O Primeiro-Ministro António Costa anunciou que o Orçamento de Estado para 2018 terá 670 milhões de euros afetos ao conjunto de atividades relacionadas com a reforma da floresta, prevenção e combate aos incêndios e apoio à reconstrução das áreas ardidas, durante a assinatura de protocolos com a banca para apoio à tesouraria das empresas afetadas pelos incêndios, em Vouzela.

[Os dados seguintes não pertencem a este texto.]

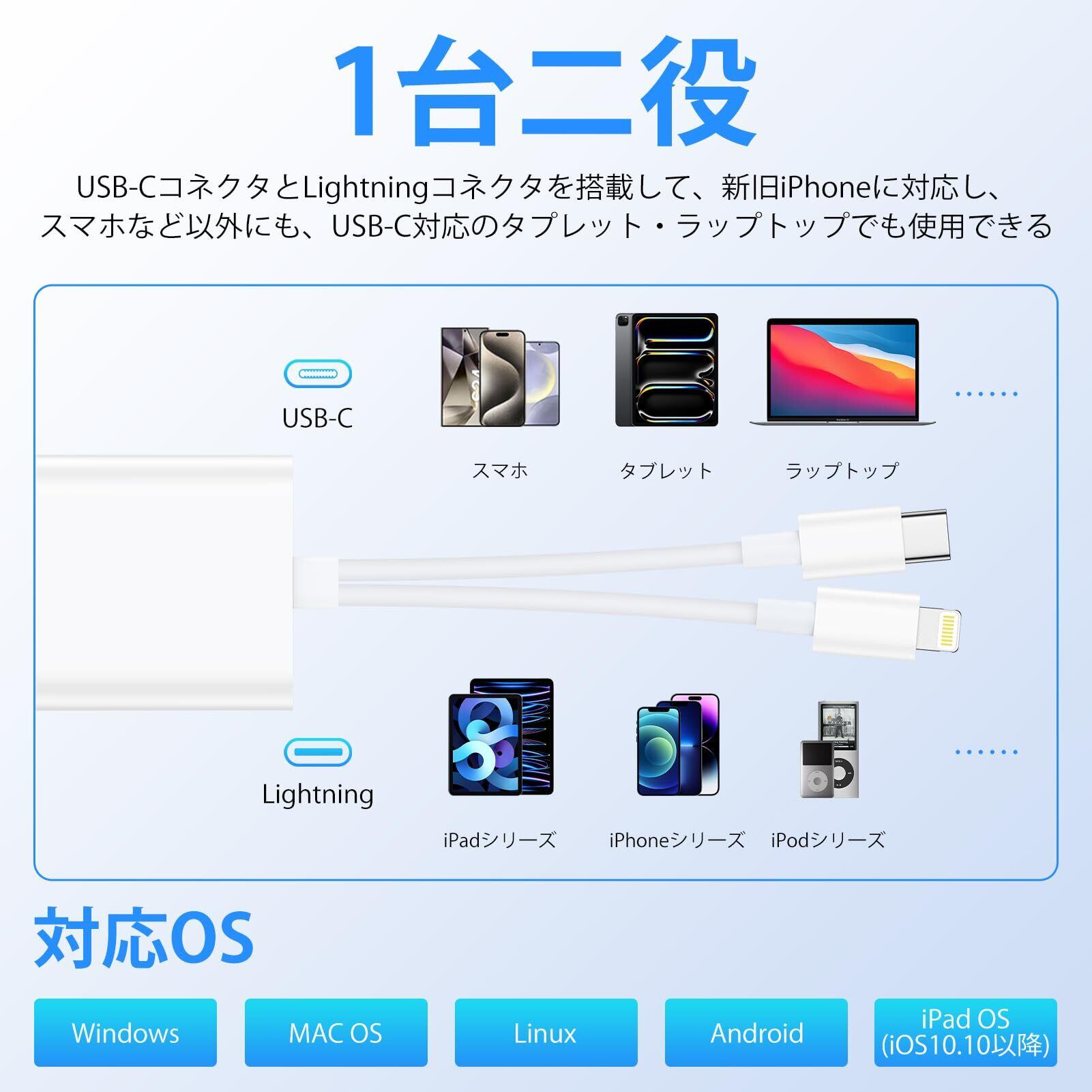 【幅広い互換性&品質】2in1はほぼ全てiPhoneやAndroid機器に対応できます。含むiPhone 14 13 12 11 Pro XR X XS SE,iPad Mini Air Pro(ライトニング)、最新iPhone17/17pro/iPhone16/iPhone16 e/iPhone16 Pro/iPhone16 Pro Max、iPhone 15 Pro Max 15 Plus 15 Pro 15,Samsung Galaxy S25 S24 A15 A14、AQUOS sense8 9、OPPO、Google Pixel、HUAWEI、Xiaomi Mi 15 14、Redmi Note 14 13 Pro (タイプ c )などのデバイスにほとんど対応できます。タブレットから SDカードまで標準の写真フォーマットやJPER、RAW、SD、hdビデオフォーマットに対応しています。 → 安心の12ヶ月つき、万が一、初期不良&破損などが起こった場合は、ぜひ「注文履歴」→「出品者に連絡」から弊店までにご連絡ください(商品の交換・返品サービスなど対応できます)

«Trezentos e setenta milhões de euros já constavam da proposta inicial e 300 milhões de euros serão apresentados na fase da especialidade, que é o resultado do conjunto do esforço que vimos ser necessário mobilizar, seja para a reconstrução, seja para dar execução, em 2018, já de parte significativa da resolução do Conselho de Ministros do passado dia 21 de outubro», disse António Costa.

O Primeiro-Ministro sublinhou a necessidade de se conseguir responder, simultaneamente, aos desafios que se colocam: 

- «no horizonte do longo prazo, para entender o desafio das alterações climáticas», 

- «no horizonte do médio prazo, para responder às necessidades de revitalização do interior e ainda para podermos ter uma floresta mais ordenada», 

- e no de curto prazo, a resposta às necessidades de habitação e de reanimação da atividade económica.

António Costa disse também que «é reconfortante ver que a solidariedade se mantém», quase um mês depois da tragédia, e que «a capacidade de resposta no terreno é efetiva».

«Desde os autarcas, aos empresários, às populações, todos temos as mãos postas na obra para que se cumpra este nosso dever de reconstruir o País, de reerguer estes territórios», afirmou ainda.

Alargar apoio aos feridos graves

O Primeiro-Ministro disse ainda que o Governo vai «alargar o apoio às vítimas de ferimentos graves» dos incêndios, depois de ter dado prioridade às indemnizações às famílias de vítimas mortais.

«Já temos um sistema muito célere de apoio às vítimas mortais e a nossa intenção é alargar esse mecanismo aos feridos graves, visto que a comissão que foi constituída está em condições de, nas próximas duas semanas, concluir o relatório, apresentando os critérios das indemnizações das vítimas mortais e de fazer o mesmo em relação aos feridos», acrescentou.